Desde que los primeros habitantes del planeta pudieron pescar, el gusto por los mariscos ha acompañado la historia de la humanidad. La variedad de alimentos que pueden surgir de las profundidades del mar resultan infinitas si se mezclan con la capacidad creadora de aquellos magos de la cocina, a los que les entregamos la responsabilidad de ofrecernos sabores nuevos, texturas que activen nuestra sensibilidad, decoraciones que activen nuestros sentidos a través de la vista.

En el Bankers, quien tiene en sus manos esa tarea, es el chef Stéphane Richard, de cuya experiencia y conocimiento, salió hace poco la nueva carta del Club, en la que una lista de nuevos platos espera a ser degustada por los socios y sus invitados.

Entre la delicias que propone, para el mes de mayo, ofrece un delicioso atún blanco en flor de rosa con ñoquis.

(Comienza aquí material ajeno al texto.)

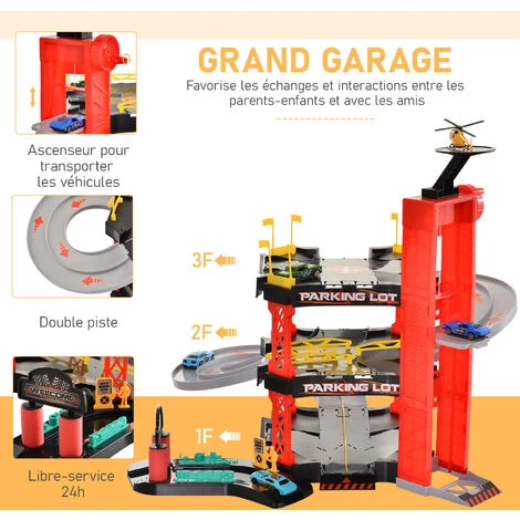 Grâce à ce garage pour voitures, vos enfants pourrons manipuler les 5 véhicules inclus à travers les 3 étages de ce jouet. A vos marques, prêts, partez

Este pescado, muy apreciado en la gastronomía española —sobre todo en la zona de Cantabria—, y considerado como parte de la vieja aristocracia de los mariscos, se lo prepara pochado, para luego ser agregado a un velouté que se hace con el consomé de su propio jugo, al que se le agrega esencia de rosa y crema de leche. La mezcla de sabores se convierte entonces en una experiencia gastronómica digna de probar.

Los ñoquis son el acompañante ideal en este plato. El sabor de la pasta y el queso parmesano, mezclado a la delicadeza del atún blanco que nada en medio de la sedosidad de la crema, con el toque de rosas, hace de esta una verdadera invitación a los sentidos.